Currently there are a number of transducers or sensors available in the market with prices ranging from as low as $1 designed for a wide variety of applications and scenarios. Common types include: Accelerometers (single and multi-axes, to measure magnitude and direction of acceleration); Barometers (to measure pressure); Capacitive (touch sensors); Non-invasive current sensors (to tell how much current is passing through an electrical line, also called “split core current transformers”); Gas sensors (alcohol breath analyzers, diesel and gasoline exhaust sensors, VOC sensors); Radiation (Geiger counter), and hundreds of other specialized devices used to measure almost any changing environmental condition you can think of.

Microcontrollers

Data from these transducers is transmitted to the digital world using microcontroller modules equipped with built in data converter (ADC) and connectivity. Some of the popular modules used today include “open-source hardware” devices like Arduino, Raspberry Pi and openPicus. These microcontrollers are known as “open-source hardware” primarily because their reference designs are distributed under a GPL or “Creative Commons” license and their layout and production files are available online. Hence, technically these boards can be cloned and applications written for a particular hardware board can seamlessly work with hardware from a different manufacturer.

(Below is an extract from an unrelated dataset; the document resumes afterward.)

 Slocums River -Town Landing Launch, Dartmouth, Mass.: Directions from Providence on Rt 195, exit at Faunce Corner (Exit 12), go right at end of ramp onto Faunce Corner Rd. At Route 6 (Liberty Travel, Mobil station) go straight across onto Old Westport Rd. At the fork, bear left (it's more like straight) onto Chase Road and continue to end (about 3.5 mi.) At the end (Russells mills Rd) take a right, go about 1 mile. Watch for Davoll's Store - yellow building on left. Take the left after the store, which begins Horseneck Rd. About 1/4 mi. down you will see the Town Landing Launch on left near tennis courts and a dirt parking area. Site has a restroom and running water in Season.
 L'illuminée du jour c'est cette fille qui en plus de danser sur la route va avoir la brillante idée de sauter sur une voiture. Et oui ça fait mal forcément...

Arduino boards have become particularly popular amongst researchers and developers in part due to the wide variety of Arduino Shields available to extend the base functionality of the microcontroller. A few examples include the 3G/GSM/GPRS shield(which provides Voice/SMS as well as HTTP/HTTPS and FTP/FTPS data transmission capability); Wireless shields (which provide XBee, ZigBee, 802.11 Bluetooth, etc) and Motor shields (these are used for driving inductive loads such as relays, solenoids, DC and stepping motors).

 

Data Management

Data from these devices is typically sent to Internet based web servers. Usually, such data exchange can be kept point-to-point (REST APIs to the rescue!). But when the number of such devices grows exponentially (which is usually the case in real-world implementations), the interconnection of Internet applications and physical devices could become “the nightmare of ubiquitous computing” (Kephart & Chess, 2003) in which human operators will be unable to manage the complexity of interactions in the system, neither architects will be able to anticipate that complexity, and thus to design the system" as Vagan Terziyan and Artem Katasonov envision it in their article on appyling semantic and agent technologies to industrial automation.

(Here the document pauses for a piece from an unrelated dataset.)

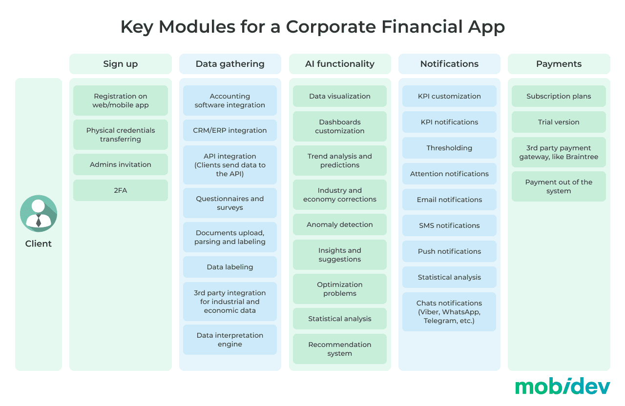 As you can see, the AI-powered corporate financial assistant has far surpassed its “pre-AI” predecessors. Let’s consider some more details of creating such financial apps.

In the situations where there are hundreds or even thousands of physical devices present in a solution, middleware systems act as an intermediate layer which provides connectivity abstraction for the domain specific Internet applications to communicate with a wide variety of physical devices and interfaces. The fundamental role of the middleware is to provide services based abstraction for applications from the physical ‘things’ thereby addressing the core challenges, namely:

• Scale created by the thousands of connected ‘things’ that need to coordinate and work cooperatively
• Deep heterogeneity of devices with completely different operating characteristics
• Dynamic topology caused by the unpredictable turning ‘on’ and ‘off’ of devices

The key functional blocks of a Middleware typically are:

• Device discovery and management
• Interoperation
• Context Detection (state of the physical devices)
• Security and Privacy (Authentication and Access Control)
• Managing large data volumes (Big Data Solutions)

The middleware usually provides a dashboard driven access to the various devices that are connected on a particular network. Other requirements such as multi-factor authentication/access controls and device event monitoring can also typically be a part of this dashboard.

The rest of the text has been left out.